Ideas must be eradicated. The great Union of Soviets rejects problem chess and chess compositions as menacing and malign l’artpourl’art-ism, as Western bourgeois nonsense, and determines for chess a strictly defined role — the instruction and strengthening of the masses within given, limited and controlled political rules. No theory, not on your life! Just the practical game, full stop.
Leonid Kubbel (1891–1942), a chemical engineer and one of the greatest composers of chess problems of his time, particularly endgames, for which he obtains international recognition, died in the course of the nine hundred days of the German siege of Leningrad, when temperatures fell to -40°C and when around a million of his fellow citizens quietly expired. Leonid’s brother, Evgeny Kubbel, did not manage to survive even when he dug with his bare hands in the frozen earth into which by some error sugar from a store was melting, and put the hard sticky mess of soil and sugar in his mouth, or when he fed himself on sheep’s innards, small dead birds, rats and the remains of his pet dog.
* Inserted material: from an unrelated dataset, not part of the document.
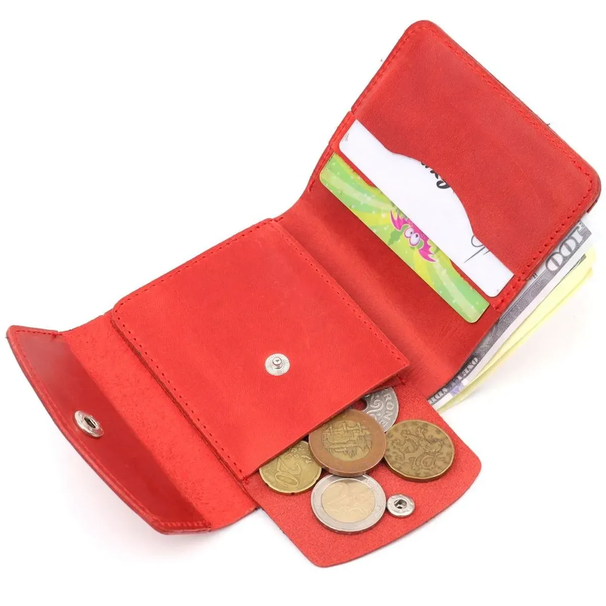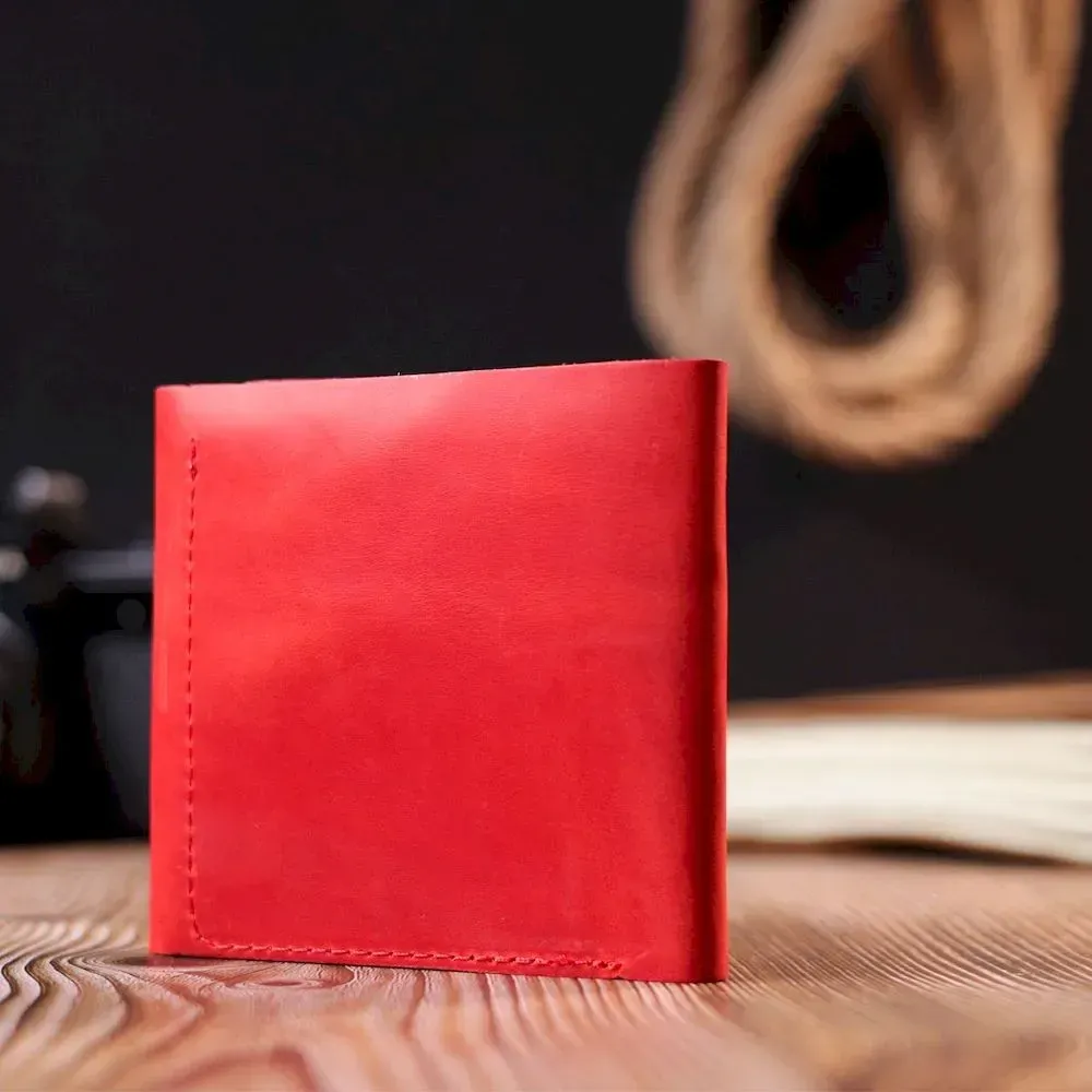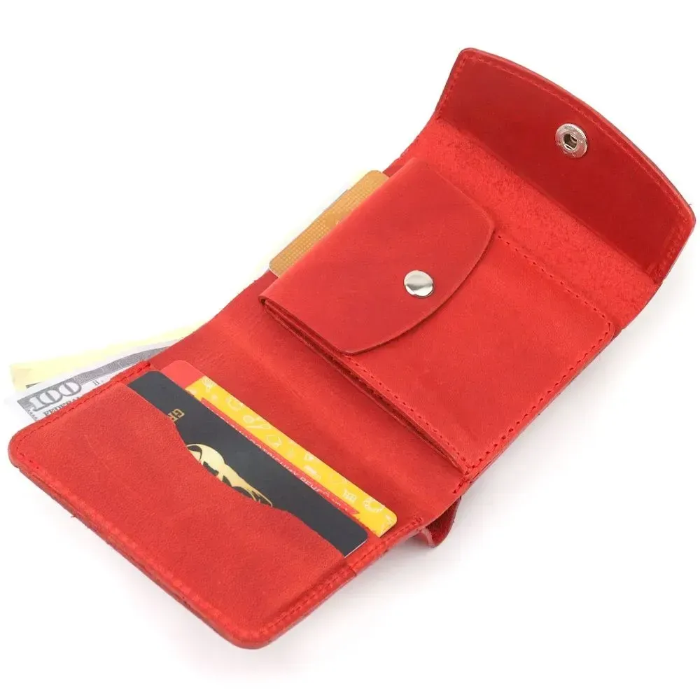 Яскравий компактний гаманець маленького розміру, який легко поміститься навіть у найменшу сумочку. Аксесуар не займе багато місця та не має зайвої ваги. Закривається гаманець хлястиком із кнопкою. Усередині виріб виготовлено також із натуральної шкіри. По краях аксесуара рівний червоний рядок. На лицьовій стороні гаманець прикрашений тисненим логотипом Shvigel. Добротна вінтажна шкіра прослужить Вам дуже довго.

The hunger and cold also killed the chess players Abram Rabinovici (1878–1943), Ilya Rabinovich (1891–1942), Samuil Vainshtein (1894–1942) and so on, some died in action, and others by unfortunate accident.
But about Leonid’s other brother, Arvid Kubbel (1889–1938), an internationally famous chess composer, specializing in the self-mate and the auxiliary mate, the Soviet government misleads the public for thirty years, stating that Arvid Kubbel disappeared in one of those apocalyptic Leningrad winters, along with his brothers, although he was already accused by the NKVD as early as 1937 of publishing his own compositions in the famous journal Die Schwalbe, founded in 1924. As a foreign spy, Arvid Kubbel was sentenced to be shot, the sentence was carried out on January 11, 1938, and he was buried in Leningrad.
Куббель Арвид Иванович
Родился в г. 1889, г. Ленинград; латыш;
беспартийный;
бухгалтер спортобщества “Спартак.”
Проживал: г. Ленинград, В. О., 10-я линия,
д. 39, кв. 28.
Арестован 21 ноября 1937 г.
Приговорен: Комиссией НКВД и Прокуратуры
СССР 3 января 1938 г., обв.: по ст. ст. 58-1а-9
УК РСФСР.
Приговор: ВМН Расстрелян 11 января 1938 г.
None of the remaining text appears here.